Pathway-level prioritisation is based on enrichment analysis of top 1% prioritised genes (top 150 genes) using a compendium of immune and signal transduction pathways (sourced from REACTOME).

priority.top <- 150
eTerm <- xPierPathways(dTarget, priority.top=priority.top, ontology="REACTOME", size.range=c(15,1500), test="fisher", min.overlap=10, RData.location=RData.location)
df_eTerm <- subset(xEnrichViewer(eTerm,'all',details=T), namespace %in% c('Immune System','Signal Transduction'))
gp_reactome <- xEnrichForest(df_eTerm, zlim=c(0,30))
gp_reactome

Figure 4: Forest plot of prioritised REACTOME pathways

5.4 Target pathway crosstalk

An algorithm is developed to search for a subset of a gene network (merged from KEGG pathways) in a way that the resulting gene subnetwork (or crosstalk between different pathways) contains highly prioritised genes with a few less prioritised genes as linkers.

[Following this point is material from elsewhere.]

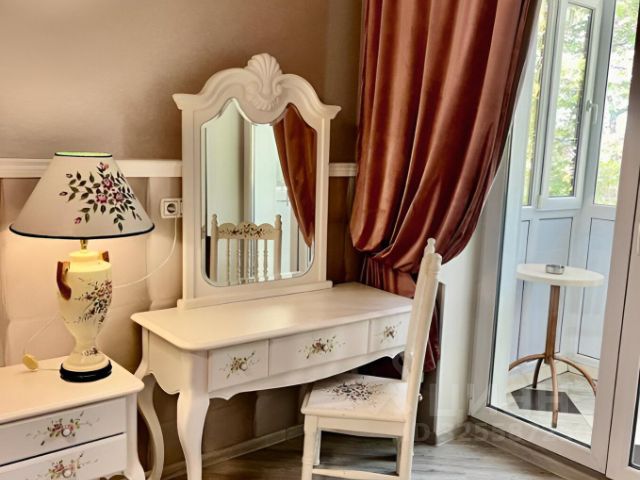 - Мебель из шпона дерева производства Италии и России, мрамор, шторы блэкаут, картины крымских художников на стенах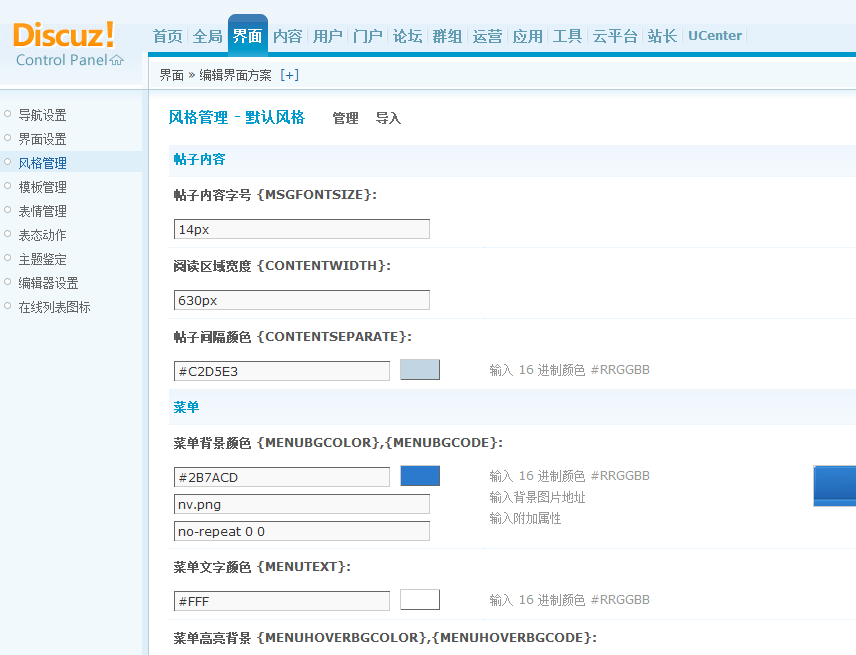 首先在 template/ 文件夹下新建一个 yourstyle 文件夹放置模板风格文件, 然后复制 default 下的 discuz_style_default.xml, 重命名为 discuz_style_ 你的风格名称.xml(注意这里 discuz_style_ 是必须保留的)。这个文件配置的是下图中后台风格管理中配置的变量内容。

# obtain a gene network merged from KEGG pathways
ls_ig <- lapply(c("KEGG_environmental","KEGG_organismal"), function(network){
    g <- xDefineNet(network=network, RData.location=RData.location)
})
ig <- xCombineNet(ls_ig)

# search for a subset (with a desired node number [30,35]) of the gene network 
g <- xPierSubnet(dTarget, network.customised=ig, subnet.size=33, RData.location=RData.location)

# visualise pathway crosstalk
gp_rating_evidence <- xVisEvidenceAdv(dTarget, nodes=V(g)$name, g=g, colormap="jet.top")
gp_rating_evidence

Visualisation of pathway crosstalk. Nodes/genes colored by Pi rating and labelled with evidence (the types of seed genes; colored segments).

Figure 5: Visualisation of pathway crosstalk
Nodes/genes colored by Pi rating and labelled with evidence (the types of seed genes; colored segments).